4、 High performance optimization strategy

1. Computing performance optimization strategy

1.1 Reduce the complexity of program calculation

Simply look at this pseudo code (the business code facade has been desensitized)

boolean result = true;

//Loop through the requests of the request, and return false if it is A service and A service has not reached the final state, otherwise return true

There are several obvious problems in the code:

1. Every time a request comes, we query the DB in line 6, but we judge and filter the request in line 8, resulting in a waste of code computing resources in line 6. In addition, accessing DAO data in line 6 is a time-consuming operation. We can first judge whether the business belongs to A and then query the DB

2. The current requirement is to return false as long as one A service does not reach the final state. After getting false, 11 rows can break directly to reduce the number of calculations

Optimized code

boolean result = true;

//Loop through the requests of the request, and return false if it is A service and A service has not reached the final state, otherwise return true

The calculation time after optimization ranges from 270.75ms ->40.5ms on average

The daily optimization code can be analyzed by ARTHAS tool for the time-consuming calling of the program. The time-consuming tasks should be filtered as far as possible to reduce unnecessary system calls.

1.2 Rational use of synchronous asynchronous

Analyze which business links need to wait for results synchronously and which do not. The core dependent scheduling can be synchronized, while the non core dependent scheduling can be asynchronous as far as possible

Scenario: From the link view, system A calls system B, and system B calls system C to complete the calculation and then returns the conclusion to system A. The timeout of system A is 400ms. Generally, system A calls system B for 300ms, and system B calls system C for 200ms

Now system C needs to return the call conclusion to system D, which takes 150 ms

At this time, the existing call link of system A - system B - system C may fail due to timeout. Since the introduction of system D increases the time consumption by 150 ms, and the whole process is synchronous, system C needs to change the non strong dependence of the update conclusion of system D into asynchronous call

1.3 Do a good job of current limiting protection

Fault scenario: System A calls System B to query abnormal data, which is about 10 TPS or even less daily. One day, System A changes the timing task trigger logic, plus code bugs, and the call frequency reaches 500 TPS. In addition, due to ID errors, System A bypasses the cache and directly queries DB and Hbase, creating a Hbase read hotspot, dragging down the cluster, and affecting storage and query

Subsequently, query flow restriction was made for system A to ensure the concurrency is within 15TPS. Core business services need to do a good job of query flow restriction protection and cache design.
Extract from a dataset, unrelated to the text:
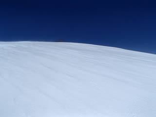 これから登っていく滑り台の斜面。強風の影響で斜面が少し荒れ気味かな。

1.4 Multi thread instead of single thread

Scenario: In the emergency positioning scenario, system A calls system B to obtain the diagnosis conclusion. The TR timeout is 500ms. For an abnormal ID event, it is necessary to execute multiple diagnostic services and record the diagnosis flow; Each diagnosis takes about 100ms. With the growth of the business, more than five diagnostic items take 500ms+to calculate. At this time, the service will be temporarily unavailable during the peak period.

Change this code to asynchronous execution, so that the diagnostic time is the most time-consuming diagnostic service

1.5 Cluster computing replaces stand-alone computing

Here, we can use three-layer distribution to partition the computing tasks and execute them. Map Reduce is an idea to reduce the computing pressure of a single machine.
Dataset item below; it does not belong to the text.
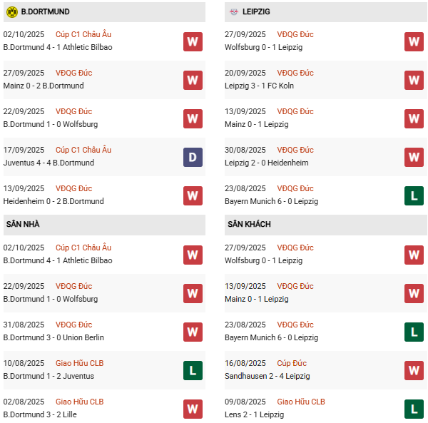 Thống kê phong độ Dortmund vs RB Leipzig:

2. System IO performance optimization strategy

2.1 Common FullGC Solutions

There are many common FullGC problems in the system. First, let's talk about the garbage collection mechanism of the JVM. The Heap area is designed in generations, divided into Eden, Survivor, and Tenured/Old. Among them, Eden and Survivor belong to the young generation, while Tenured/Old belong to the old generation. Generally, we call GC in young generation Minor GC, GC in old generation Major GC, and Full GC in the whole heap.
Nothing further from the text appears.